I went to a pub where the barmaids
did not talk to one another. I don’t think there was hate between them, but
there was a bowl of onion rings, which they nibbled at tentatively taking it in
turns. The elder of the two tried to think of something to say. She felt it was up to her to do so.
Sometimes I saw tiny detonations of conversation behind her eyes - but
always, too soon, she was consumed by doubt and no words ever came.

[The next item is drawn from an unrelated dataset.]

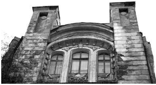
Рис. 7. Барельєф дому Вуфгарт

The younger of the two tried to
think of something to say. She was new
and felt that it was up to her to do
so. The thing is she was too afraid to find a mutual interest, for fear this
would mean they were the same and she did not want to be the same as the older
barmaid. Too scared to share such a
wicked glimpse into her future, the young barmaid turned away and broke an onion
ring against her teeth. In the silence it
cracked like the spine of a small woodland creature caught beneath a fallen
tree.
The pub was like a forest of
fallen conversations come to think of it.
Some snapped and landed violently at the scuffed tips of pointed high heels
of scuffed girlfriends, bored with their boyfriends and bored with these meals.
Some wavered in unsteady words,
in the breeze of the breath of the booze that weaved and wheezed the width and
the breadth of the room.
Two men beside me chopped at each
other like electronic lumberjacks, armed with screens that screamed artificial
light and bred even more artificial humanity: eyes flicking, fingers whipping
over LCD screens, concentration racked, breaking their conversation’s back and
could they even see each other over those gadgets?
The older barmaid did not wish to
discuss life with someone younger; someone who might remind her of a long
forgotten version of herself. Now the
onion rings were nearly all gone.
I of course was the biggest
killer of conversation that night. My facial expression burnt into a dark
beard, tired lines scarred beneath my eyes, as if they were scratches at the
bottom of an overused saucepan. My novelty hat sat like a hairy hypocrite upon
my head and as I swung my legs back and forth on the bar stool, staring at the
rows of clean glasses above the barmaids; I noticed people were avoiding
me. Hardly anyone said anything. I
almost got the impression they had all been talking before I’d arrived.